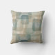 This throw pillow features an abstract geometric watercolor pattern of overlapping rectangles in teal, olive green, beige and cream.
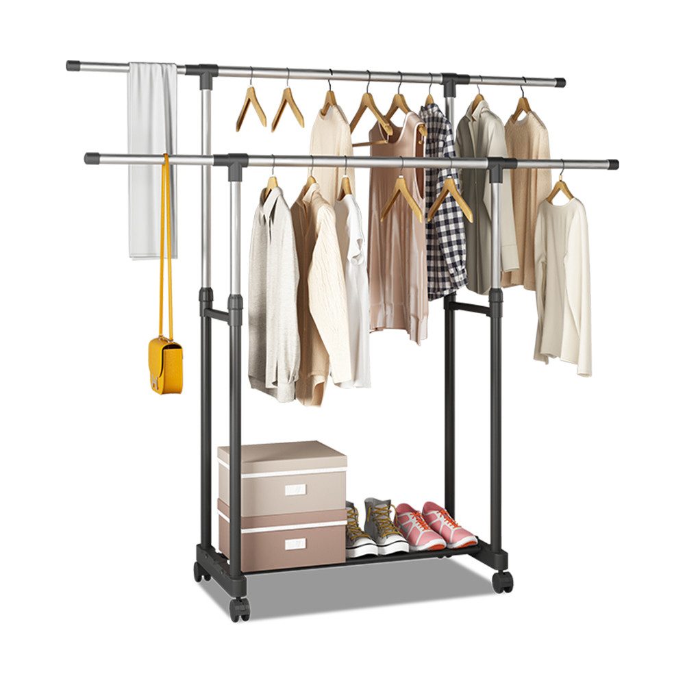STURDINESS: Leichte, verchromte, ausziehbare, breite Kleiderstangen halten bis zu 88 Pfund insgesamt; bis zu 44 Pfund pro Stange[Vielseitig für jeden Raum] Dieser Kleiderständer mit einem Ablagefach fügt jedem Raum, wie dem Schlafzimmer, dem Wohnzimmer und der Garderobe, zusätzlichen hängenden Platz hinzu, um Ihre Kleidung, Hüte, Taschen und Schuhe geordnet aufzubewahren- Die unteren Stangen sind ideal für die Lagerung von Schuhen oder Schuhkartons.
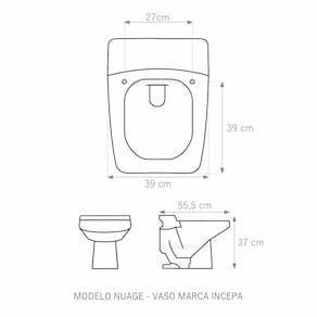 Assento Sanitário tampa de vaso fabricado em madeira MDF com pintura laqueada, com proteção raios UV, que garante excelente acabamento e durabilidade. Compatível com vasos bacias/louças sanitários com ou sem caixa acoplada. Tem calços de PVC instalados na tampa e no assento para proporcionar estabilidade ao uso, pois distribui o peso uniformemente sobre a louça sanitária. Montagem simples e fácil. Possui ferragem em alumínio anodizado que não enferruja/oxida e oferece muita resistência. O assento é acompanhado por parafusos para instalação. Embalagem dupla reforçada garante o recebimento do produto totalmente protegido. Especificações: - Dimensões da caixa: largura: 49,50cm. Altura: 4,00cm comprimento: 39,50cm - Peso do produto: 1,98kg - Acabamento: brilhante - Uso: este assento é adequado para uso na louça Incepa modelo Nuage - : 3 meses - Itens inclusos: Tampa e assento em MDF com calços de PVC, ferragem inoxidável, embalagem duplamente reforçada. Contém todos os parafusos e encaixes para instalação, sendo necessária somente uma chave de fenda para instalar o produto na louça sanitária. Instalação: posicione o produto, devidamente centralizado, em cima do vaso sanitário. Sem desmontar a ferragem, insira as buchas de borracha dentro dos furos da bacia sanitária. Encaixe os parafusos e posicione as porcas. Utilizando uma chave de fenda, aperte o parafuso no sentido horário até que o assento esteja firme e fixo no vaso. Manutenção: recomendamos a limpeza periódica com pano levemente umedecido com sabão neutro. Não usar esponjas abrasivas ou palha de aço nem qualquer tipo de produto químico. Marca: Não Informado Ean: 7891467005928
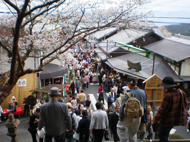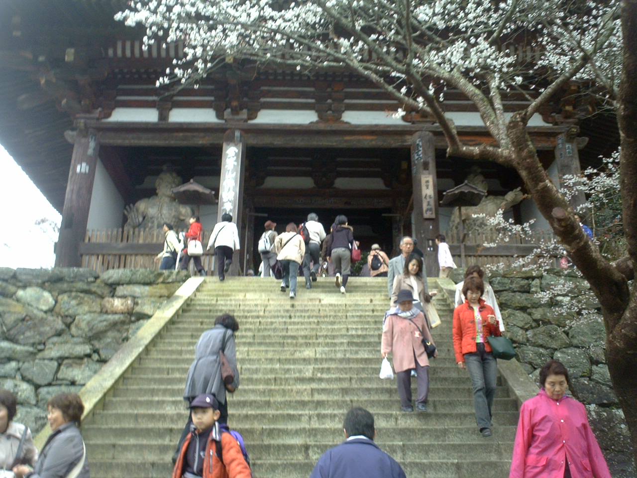 その仁王門の石段から下を見れば人も桜もいっぱい。
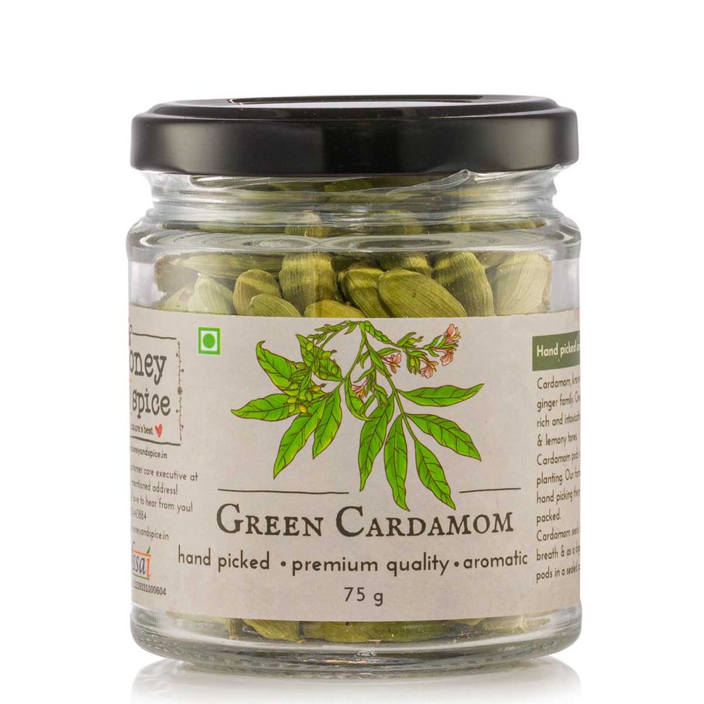 Hand picked and sorted from the cardamom hills of Kerala. Cardamom, known as the queen of spices in India belongs to the ginger family. One of the world s very ancient spices, known for its rich and intoxicating aroma and complex flavours. It has warm minty & lemony tones.
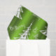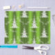 Um Livro Verde colorido de Natal, com um moderno padrão natalício de árvores brancas de abeto e as palavras "Seja Feliz" espalhadas à sua volta, tudo num fundo verde brilhante e festivo.
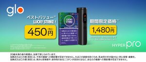 本キャンペーンは、全国のコンビニエンスストア[1]、glo™公式オンラインストアおよび各公式オンラインストア[2]、ならびにglo™ ストア 銀座にて展開し、紙巻たばこから加熱式たばこへの切り替えの機会として、「glo™ Hyper Pro」をよりお求めやすい価格でお試しいただけます。
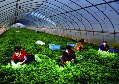 采收好的新鲜蔬菜被运送至南京普仁有机农业公司车间,工作人员立刻对其进行分拣包装。

————————

Nothing but the lines from the first line of the listing above to the line containing "STURDINESS: Leichte, verchromte, ausziehbare, breite" should appear in the answer, each one exact and with no pictures.

 This throw pillow features an abstract geometric watercolor pattern of overlapping rectangles in teal, olive green, beige and cream.
STURDINESS: Leichte, verchromte, ausziehbare, breite Kleiderstangen halten bis zu 88 Pfund insgesamt; bis zu 44 Pfund pro Stange[Vielseitig für jeden Raum] Dieser Kleiderständer mit einem Ablagefach fügt jedem Raum, wie dem Schlafzimmer, dem Wohnzimmer und der Garderobe, zusätzlichen hängenden Platz hinzu, um Ihre Kleidung, Hüte, Taschen und Schuhe geordnet aufzubewahren- Die unteren Stangen sind ideal für die Lagerung von Schuhen oder Schuhkartons.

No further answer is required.